Leise knistert der Frost
by Kristin Schmidt
Eine Reise zum Pol ist eine Reise ins Ungewisse, das Individuum ist im Zentrum von Frost und Entbehrungen ganz auf sich geworfen. Mirjam Kradolfer und Stefan Rohner gehen mit diesem vielbehandelten Thema erstaunlich unbefangen um und entdecken gar kuriose Aspekte.
Arktis, Gletscher, Packeis, Polarmeer – wenn von entlegenen Gegenden die Rede ist, sind diese Gebiete selten gemeint. Exotische Sehnsüchte lassen sich anderswo leichter bedienen, zu unwirtlich ist es jenseits des Polarkreises. Und doch: Der ewige Frost und Schnee, das Eis und die langanhaltende Dunkelheit lassen Mythen und Märchen ebenso wachsen wie Entdeckerträume und Forscherehrgeiz. Die Pole bieten der ins Weiss gerammten Nationalflagge ebenso Raum wie den Halluzinationen Erfrierender. Hier schliesst die Technikschlacht im Dienste zeitgenössischer Wissenschaft weder hartnäckige Legenden über archaisch dämonische Schneewesen aus noch die Begeisterung für die Magie des Ortes. Ein ergiebiges Feld also – auch für die Kunst. Seit Caspar David Friedrich in „Das Eismeer“ Schönheit und Schrecken zusammengebracht hat, ist einiges passiert, sowohl auf künstlerischem, wie auf literarischem Gebiet. Mirjam Kradolfer und Stefan Rohner haben viel Material zusammengetragen, bevor auch sie für sie die Eiszeit anbrach. Die beiden St.Galler haben Belletristik und Entdeckerliteratur erkundet, Fotokunst und Filme gesichtet. Und sie haben es geschafft, sich von diesem ganzen Ballast nicht erdrücken zu lassen, sondern daraus ihre eigene unbefangene Version der nördlichen Schneewelt zu entwickeln.
Der Kunstraum Engländerbau in Vaduz bietet dafür die ideale Folie, ist doch bei diesem White Cube sogar der Boden weiss. Hier nun setzen Kradolfer und Rohner eine Polarlandschaft in Szene und spielen dabei mit all den Ambivalenzen, die das endlose Eis ins sich birgt.
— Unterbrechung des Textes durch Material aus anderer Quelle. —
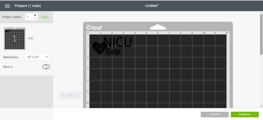 Click go along. Brand sure your Cricut machine is connected to your computer, tablet or mobile device and make sure the settings on your Cricut machine are set correctly (vinyl, cardstock, posterboard, etc.).
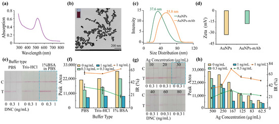 The (a) UV−vis spectra of AuNPs; (b) the transmission electron micrograph of AuNPs; (c) the size distribution of AuNPs and AuNPs–mAb; (d) the zeta potential of AuNPs; photographs of test strips optimizing the (e) buffer type of mAb and (g) Ag concentration, peak area, and IR optimizing the (f) buffer type of mAb and (h) Ag concentration. Ag indicates the coating antigen, and IR is the abbreviation for the inhibition ratio. The dashed box on the test strips presents the optimal condition. The bar chart in (f,h) indicates the peak area, and the green and red lines indicate IR in the presence of DNC at 0.3 and 1 ng/mL, respectively. The error for all graphs was within the standard deviation.

So lassen sie etwa seltsame Zottelwesen umherstreunen. Sind es mutierte Eisbären oder doch nur beraureifte Sensoren aus der meteorologischen Station? Und jene Objekte auf Holzpaletten: Sind es ethnologisch interessante Fundstücke oder die Hinterlassenschaften einer Forschergruppe? Die Künstlerin und der Künstler siedeln ihre Ausstellung im Engländerbau genau in jenen Zwischenbereichen an, wo Wissen noch nicht konkret und Legenden noch im Realen verwurzelt sind. Dort, wo die Eiszapfen horizontal wachsen und Kopfreisen auf dem fliegenden Teppich beginnen, hinaus aus dem geheizten und umgrenzten Ausstellungsraum, hinaus aus dem begrenzten Weiss in den endlosen Schnee, in die endlose Leere. Dorthin, wo das Weiss wirkt wie eine unbemalte, grundierte Leinwand, wie ein unbeschriebenes Blatt, wie eine unendlich grosse Projektionsfläche für Geschichten, Gedanken, Bilder.